Using participants’ lung function measures from each recorded clinical encounter between 1/1/2016 and 12/31/2018, we estimated the slope of change in lung function before and after tezacaftor/ivacaftor initiation. Lung function was measured as forced expiratory volume in 1 second, percent predicted (ppFEV1), calculated with the Global Fung Function Initiative [GLI] reference equations.20
Exposure variables.
Tezacaftor/ivacaftor use (Yes/No) based on physician-reported prescription was obtained from encounter data. The CFFPR reports whether tezacaftor/ivacaftor has been prescribed (=1). For encounters that do not record tezacaftor/ivacaftor (=1), we assume no tezacaftor/ivacaftor prescription at that encounter. In the analytical sample, we included those with uninterrupted tezacaftor/ivacaftor use, those with only one interruption in tezacaftor/ivacaftor use, and those who used tezacaftor/ivacaftor but then discontinued all subsequent use. Individuals with inconsistent tezacaftor/ivacaftor use (two or more interruptions of tezacaftor/ivacaftor) were excluded from our analyses.

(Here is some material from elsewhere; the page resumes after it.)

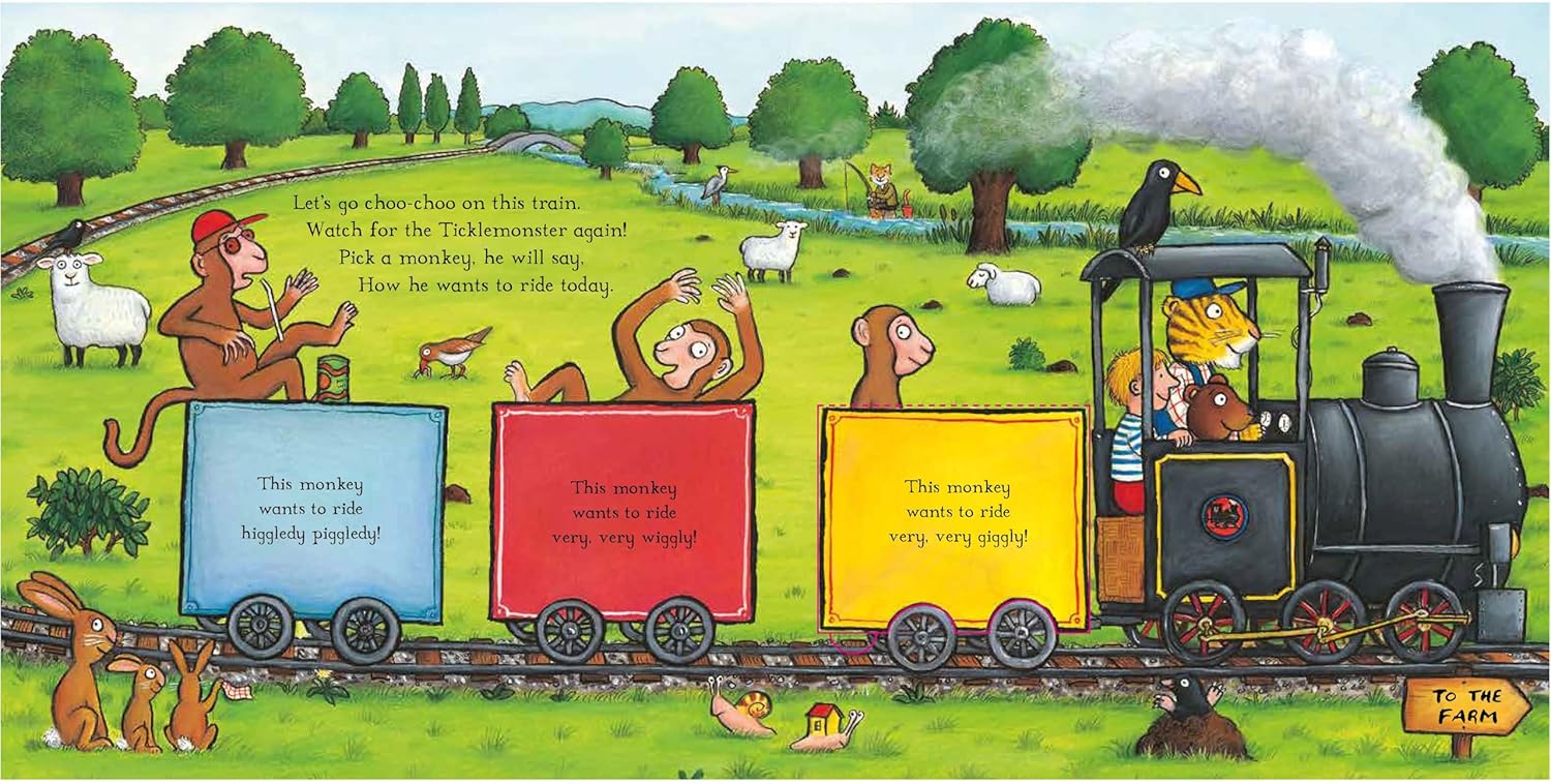 Look out - there's a Ticklemonster about! And he's off to tickle all his animal friends, from the pigs on the farm to penguins at the zoo.

Self-reported tobacco smoke exposure (Yes/No), measured at each age, was determined based on response to the questions, “Does anyone in the patient’s household smoke cigarettes?” (Yes/No) and “During the reporting year, how often was this patient exposed to second-hand smoke?” (Daily/Several times per week/Several times per month or less/Never). Tobacco smoke exposure was coded as ‘Yes’ if either the response to the first question was affirmative or the response to the second question was “Daily” or “Several times per week.” Smoke exposure was treated as a time-invariant measure: individuals were coded as smoke-exposed if the above was true at any age since age 6 years old. Variations in the coding of smoke exposure, including ‘currently exposed’ or ‘exposed since age 12 years’, produced substantively similar results.
Covariates.
Sex (Male/Female), race/ethnicity (Non-Hispanic white/Non-Hispanic other race/Hispanic any race), health insurance (Private/Public/Both private and public/Other or none), paternal education (Less than high school/High school/Some college/College degree), genotype (delF508 homozygous/delF508 heterozygous/Other), and P. aeruginosa in past 12 months (Y/N), selected a priori, were included in the hierarchical linear mixed models.
Statistical analysis
We use both hierarchical linear mixed modeling and fixed effects regression modeling to gain an understanding of the effect of tezacaftor/ivacaftor on lung function and the extent to which smoke exposure impacts this association. Hierarchical linear mixed models use information from both within-individual exposure-outcome association and between-individual exposure-outcome association. However, variation between individuals may introduce confounding bias due to unmeasured time-invariant factors that are associated with both the exposure and the outcome. Therefore, we also use fixed effects models, as their estimators rely only on variation within individuals and are unaffected by confounding from unmeasured time-invariant factors. The fixed effect coefficients represent how much of a change in the predictor variable is associated with the slope of lung function, or change in lung function net of any time-invariant predictors. The impact of time-invariant predictors (such as race, sex, or parent education) is already accounted for, as individuals are used as their own controls.23
In the mixed effects models, the slope, or change over time, is measured in days, centered at the first observation. This allows for interpretable intercepts that represent expected lung function in 2016, accounting for covariates. For ease of interpretation, in the results we present time as annual change rather than daily change. The non-linear change in slope is measured as the quadratic of time. Age is assessed at the end of each year, and encounter date is used as a measure of time. To account for the likelihood that younger individuals have better lung function and slower rates of decline then older individuals, we interact age in 2016 (centered) with time and time squared. We estimate two models: Model 1 includes the predictor variables (tezacaftor/ivacaftor and smoke exposure) and all covariates, while Model 2 additionally includes the interaction between tezacaftor/ivacaftor and smoke exposure. A significant interaction suggests that the association between tezacaftor/ivacaftor and ppFEV1 is moderated by smoke exposure.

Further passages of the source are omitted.